What is expected:
For the material below, return exactly the lines starting at the line containing "Pantauan IDN Times" and ending at the line containing "The Habitat Skandi", both ends included, and no others.

Material provided:
########
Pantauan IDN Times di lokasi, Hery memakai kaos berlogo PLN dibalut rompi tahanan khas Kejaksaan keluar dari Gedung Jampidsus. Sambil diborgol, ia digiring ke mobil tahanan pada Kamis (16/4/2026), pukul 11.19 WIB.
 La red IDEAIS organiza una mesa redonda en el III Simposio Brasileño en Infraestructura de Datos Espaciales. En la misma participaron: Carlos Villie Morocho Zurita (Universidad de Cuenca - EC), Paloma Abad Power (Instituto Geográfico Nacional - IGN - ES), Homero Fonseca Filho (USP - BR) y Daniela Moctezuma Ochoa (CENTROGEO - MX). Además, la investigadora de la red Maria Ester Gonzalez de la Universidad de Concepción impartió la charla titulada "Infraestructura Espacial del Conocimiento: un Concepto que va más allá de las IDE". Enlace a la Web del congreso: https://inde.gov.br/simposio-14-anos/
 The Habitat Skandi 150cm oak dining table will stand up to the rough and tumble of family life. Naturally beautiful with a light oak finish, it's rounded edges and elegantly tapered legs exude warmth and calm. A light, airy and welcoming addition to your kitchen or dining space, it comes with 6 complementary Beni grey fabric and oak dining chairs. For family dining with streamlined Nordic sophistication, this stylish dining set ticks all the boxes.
########
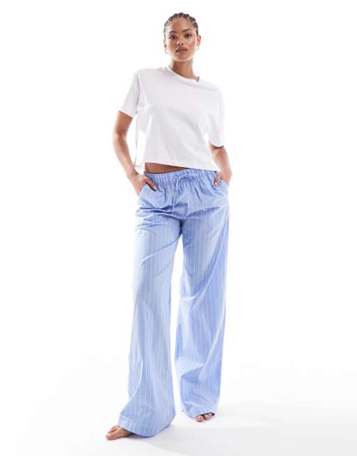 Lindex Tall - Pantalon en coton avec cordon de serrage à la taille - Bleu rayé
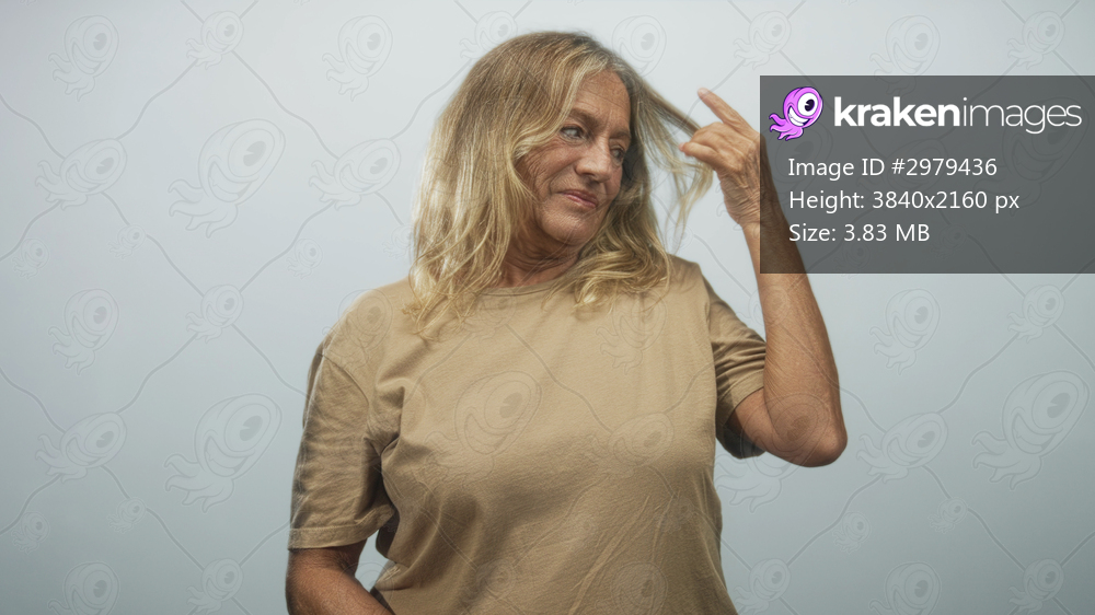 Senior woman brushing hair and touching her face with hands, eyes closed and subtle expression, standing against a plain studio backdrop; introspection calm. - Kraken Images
########
Written reply:
Pantauan IDN Times di lokasi, Hery memakai kaos berlogo PLN dibalut rompi tahanan khas Kejaksaan keluar dari Gedung Jampidsus. Sambil diborgol, ia digiring ke mobil tahanan pada Kamis (16/4/2026), pukul 11.19 WIB.
 La red IDEAIS organiza una mesa redonda en el III Simposio Brasileño en Infraestructura de Datos Espaciales. En la misma participaron: Carlos Villie Morocho Zurita (Universidad de Cuenca - EC), Paloma Abad Power (Instituto Geográfico Nacional - IGN - ES), Homero Fonseca Filho (USP - BR) y Daniela Moctezuma Ochoa (CENTROGEO - MX). Además, la investigadora de la red Maria Ester Gonzalez de la Universidad de Concepción impartió la charla titulada "Infraestructura Espacial del Conocimiento: un Concepto que va más allá de las IDE". Enlace a la Web del congreso: https://inde.gov.br/simposio-14-anos/
 The Habitat Skandi 150cm oak dining table will stand up to the rough and tumble of family life. Naturally beautiful with a light oak finish, it's rounded edges and elegantly tapered legs exude warmth and calm. A light, airy and welcoming addition to your kitchen or dining space, it comes with 6 complementary Beni grey fabric and oak dining chairs. For family dining with streamlined Nordic sophistication, this stylish dining set ticks all the boxes.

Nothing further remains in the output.